Last weekend was supposed to be a jubilant celebration for Red Sox Nation. After taking two out of three from the Baltimore Orioles, the Olde Towne Team returned to Fenway Park for its first home series of the season and, more importantly, its World Series ring ceremony. Not one, not two, but three giant red banners were unfurled over the Green Monster during Friday afternoon's festivities, reminding Red Sox fans that their baseball team has had more championships this millennia than any other. (Five other banners were unfurled as well for the team's five championships prior to and including 1918.) Then, the first-place Sox took the field to rousing applause - the sun was shining, spring was in the air. Baseball was back.
That moment was the pinnacle of the weekend for Red Sox fans. But as soon as it started, it all went downhill.

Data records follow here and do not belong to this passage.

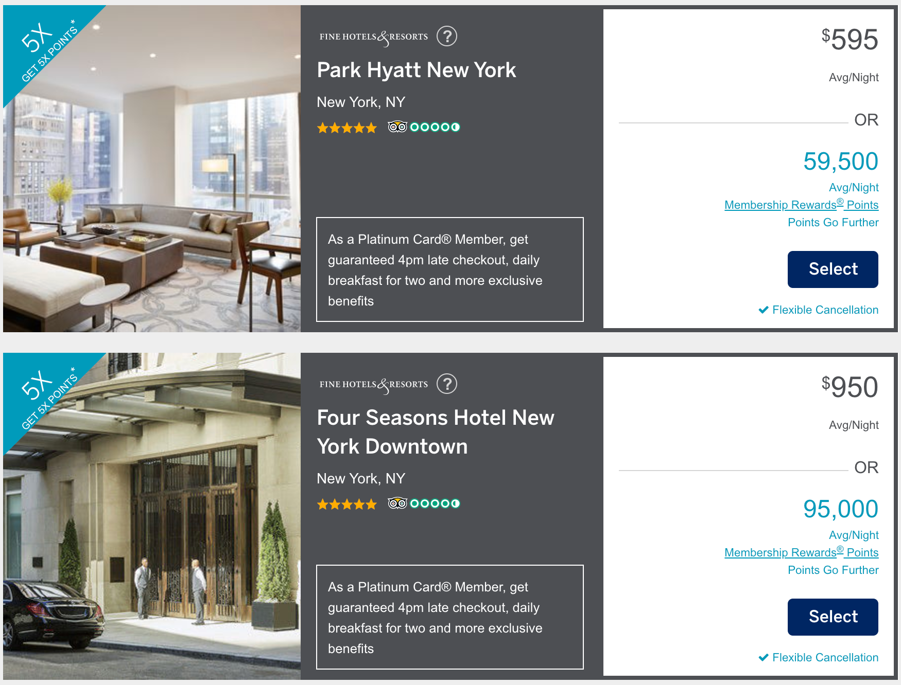 Although, the Park Hyatt New York and Four Seasons are already bookable online through Amex Travel, eligible for 5x points or Pay with Points: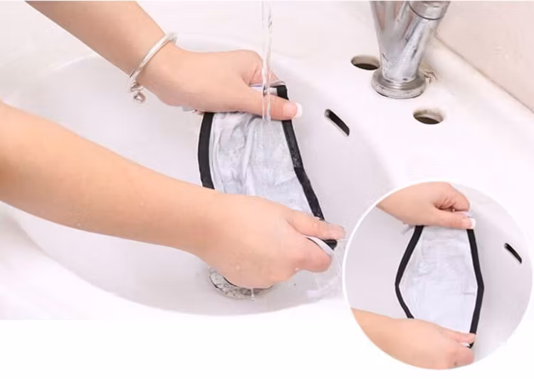 Munskyddet har justerbara öglor/slingor i båda öronen för att justera storlek för bästa passform. Öglorna är i resår.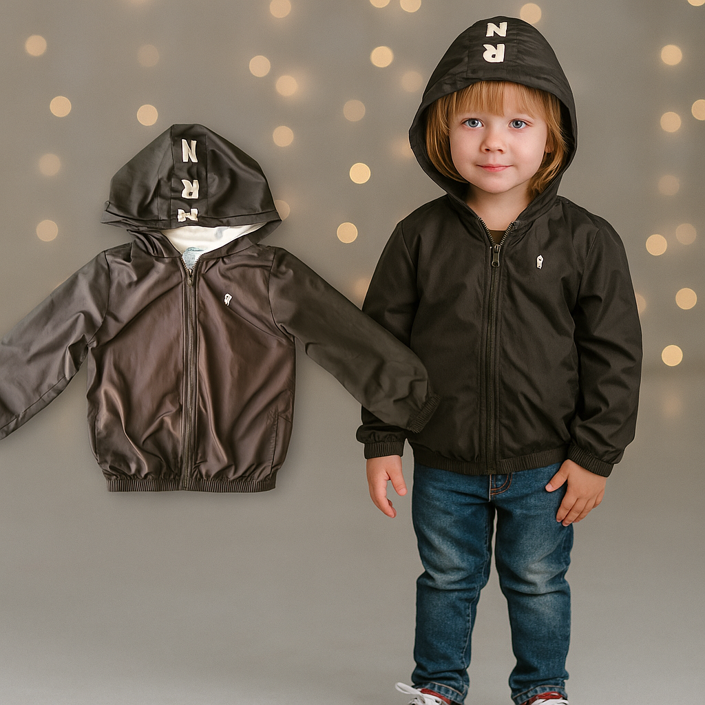 O modelo apresenta fechamento frontal por zíper, punhos e barra com elástico embutido para melhor ajuste ao corpo, além de dois bolsos frontais embutidos. O capuz fixo conta com estampa em letras contrastantes, reforçando o visual urbano da peça. Um pequeno logotipo no peito finaliza o design com discrição. Ideal para complementar looks casuais com praticidade e estilo. Veste tamanho 6 anos.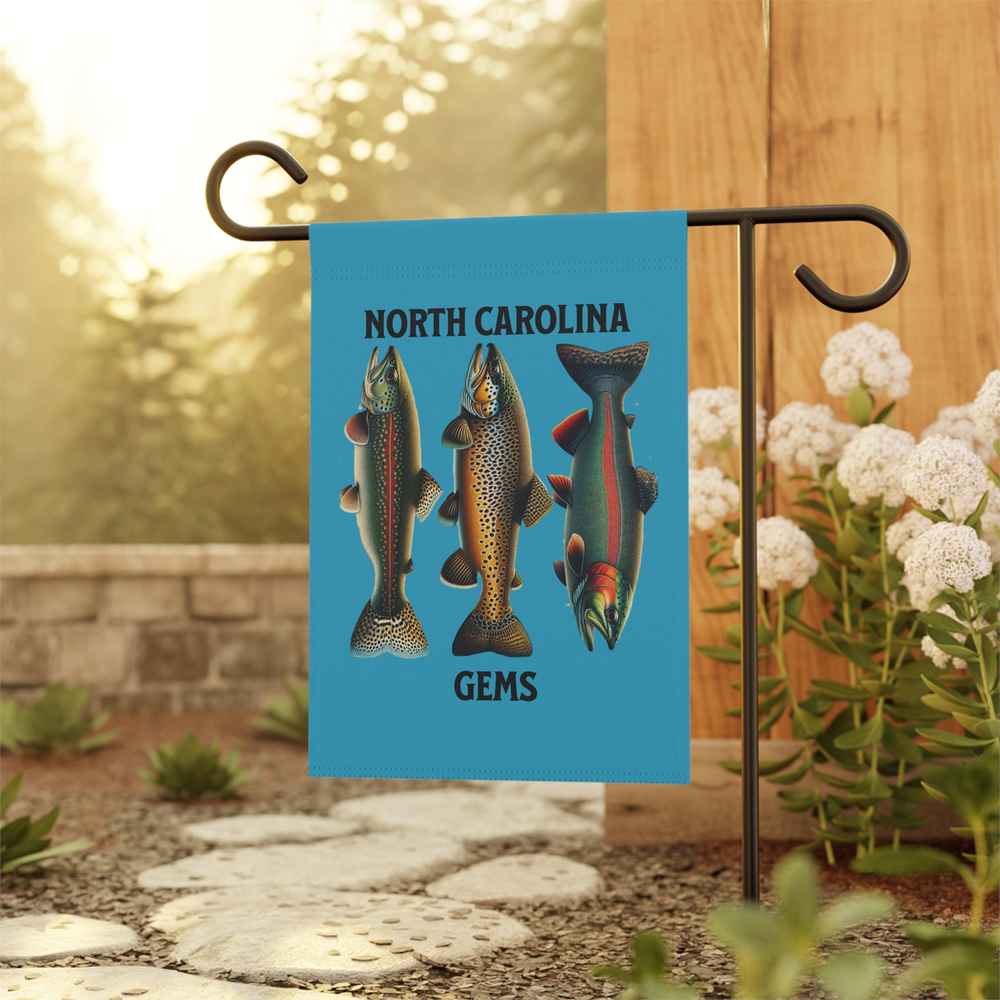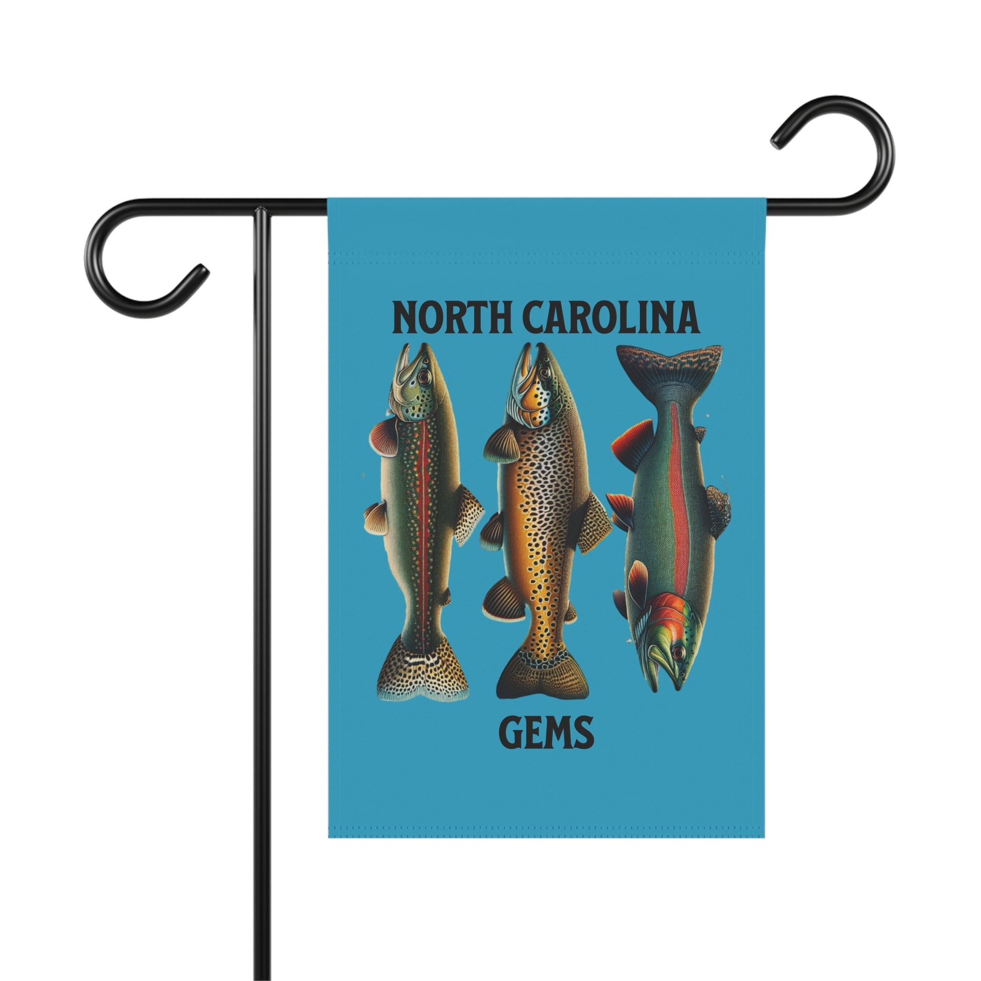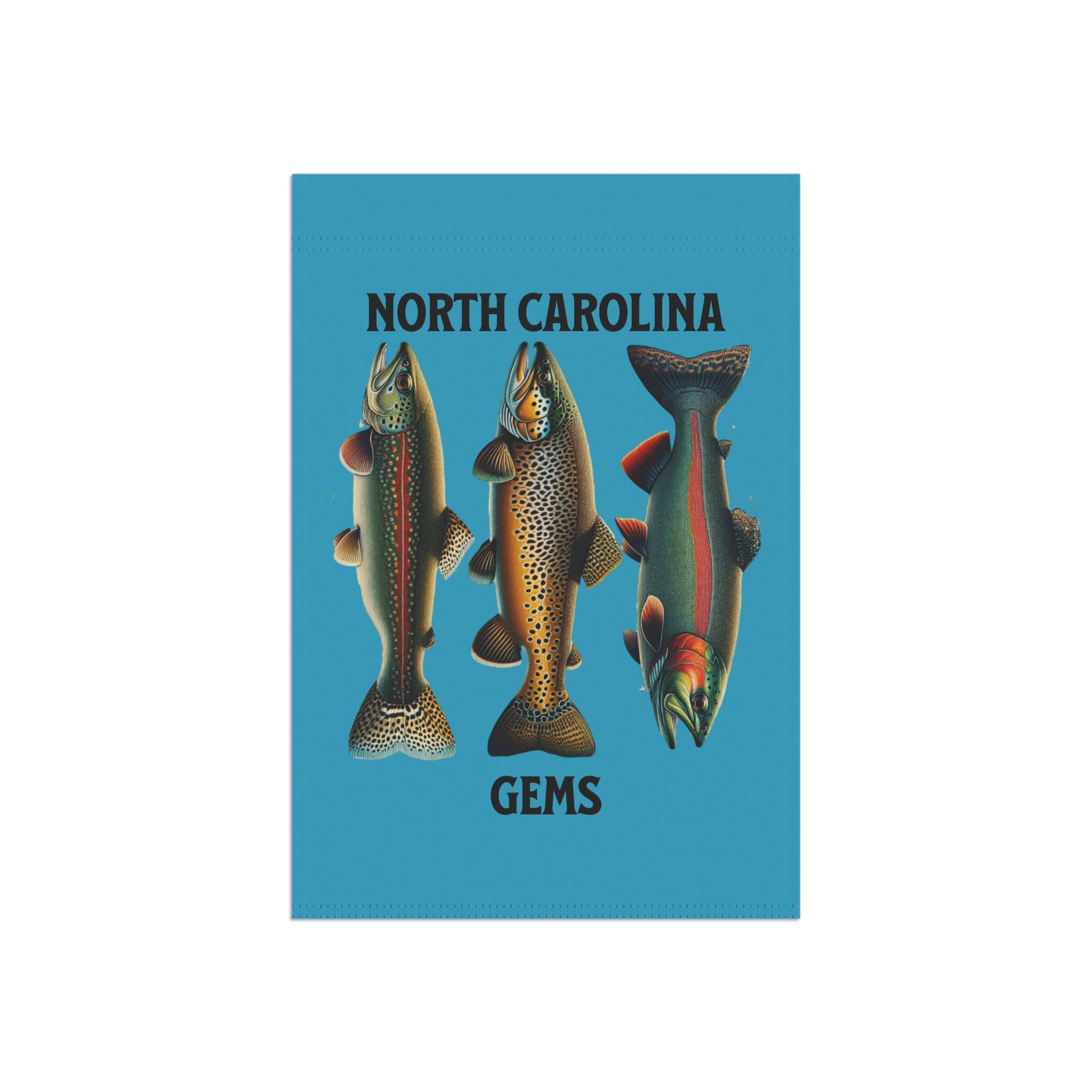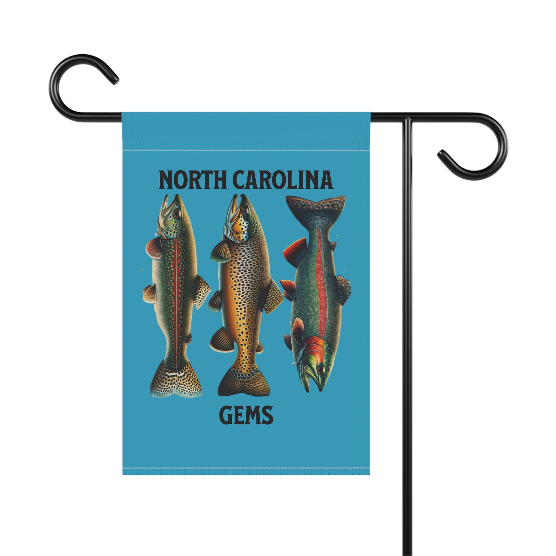 A yard banner featuring a graphic of a rainbow trout, brown trout, and brook trout with a text that reads 'North Carolina Gems'. Perfect for outdoor enthusiasts and fishing lovers, this banner adds a touch of natural beauty to your garden or house. Ideal for displaying during fishing season or as a decoration for a North Carolina-themed celebration.

The three-game series, an interleague affair against the Milwaukee Brewers, got off to a rocky start when the Red Sox lost their home opener for the first time since 2004 thanks to Edward Mujica imploding in the ninth inning of a tied game, allowing Milwaukee to score four runs and grab a stunning 6-2 victory.
Saturday's game was also decided in the final inning. After a grueling back-and-forth, the game went into extras knotted at six before the Brewers broke through in the 11th and won again. The series culminated with Boston unable to muster any offense in the finale, a lackluster 4-0 defeat. When it was all said and done, the reeling Red Sox had been swept at home for the first time since last May and tumbled to last place in the process.
How could a weekend that began with so much hope and optimism turn out to be such a nightmare?
The defending World Series champs didn't just lose - they lost in painful, excruciating fashion. The opener was an out-and-out collapse. The next day, they dropped an extra-innings nail-biter by one run. On Sunday, Boston was held scoreless even though every Sox starter recorded a hit. However, nobody got the big hit, and so another brilliant start by Jon Lester went for naught.
It was vintage Red Sox, losing baseball games in every way imaginable. First the bullpen unraveled, then the starting pitching failed them and finally the bats came up empty. Making matters worse was a shaky defense that committed five errors over the weekend. Unsurprisingly, Boston never led during the series.
The Red Sox are no strangers to sluggish starts, but a big reason why they won the division last year was because they jumped out to an early lead in the standings. The games in April matter just as much as they do in September, so the foundation for a winning season is built in the spring. Better to start on the right foot than have to play catch-up all summer.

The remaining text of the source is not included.